Dans le document Travail et justice du care (Page 79-82)

Dominique Méda propose, dans son livre Le temps des femmes publié en 2001, un modèle de partage du cout et du temps liés à la prise en charge des enfants qu’elle nomme « deux apporteurs de revenu/deux pourvoyeurs de soins ». Son but est de faire en sorte que les deux parents puissent occuper un emploi salarié tout en prenant en charge une partie des soins aux jeunes enfants. Voyons maintenant un peu plus en détail cette proposition de partage des responsabilités, qui va de pair avec une prise en charge collective partielle et une modification des normes du travail.

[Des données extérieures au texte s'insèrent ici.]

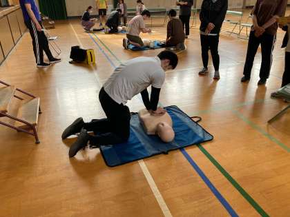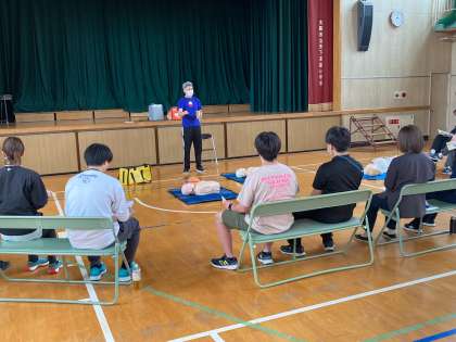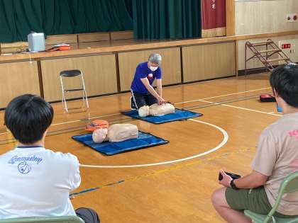 運動会やプールの授業の前に、講習を行いました。AEDの使い方などを確認しました。
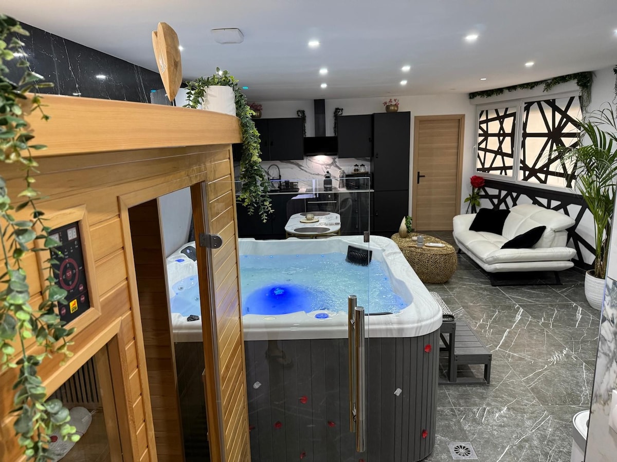 Leder du efter et ekstraordinært sted med en 100 % privat pool opvarmet til 30 grader, et spabad og en sauna i nærheden af Lens og 30 minutter fra Lille The house/gite bonica spa offers you a moment of total escape with its exotic, cozy bali style atmosphere. Fra poolen kan du slappe af med videoprojektoren og højttaleren i ejendommen for at lytte til musikken og se dine NETFLIX-SERIER. snap: BONICASPA insta: Bonicaspa2

3.2.1DÉSPÉCIALISATION DES RÔLES

Pour que les hommes et les femmes puissent également participer aux activités parentales, citoyennes et économiques, il faut repenser l’organisation sociale autour d’une déspécialisation des rôles (Méda, 2008 [2001] : 131). La prise en charge déséquilibrée des tâches ménagères et parentales par les femmes provient de la norme culturelle selon laquelle ce sont elles qui ont la responsabilité principale du travail de care, notamment celui aux jeunes enfants38. Il importe donc de remettre cette norme en question, et alors deux solutions, non exclusives, sont possibles : soit on délègue les soins à l’extérieur du ménage, soit on les partage mieux entre les parents. Méda mise sur une combinaison des deux, puisqu’elle croit qu’il faut encourager l’implication des hommes dans le travail de care, tout en développant des modes de garde d’enfants de grande qualité offerts par des personnes compétentes et bien rémunérées.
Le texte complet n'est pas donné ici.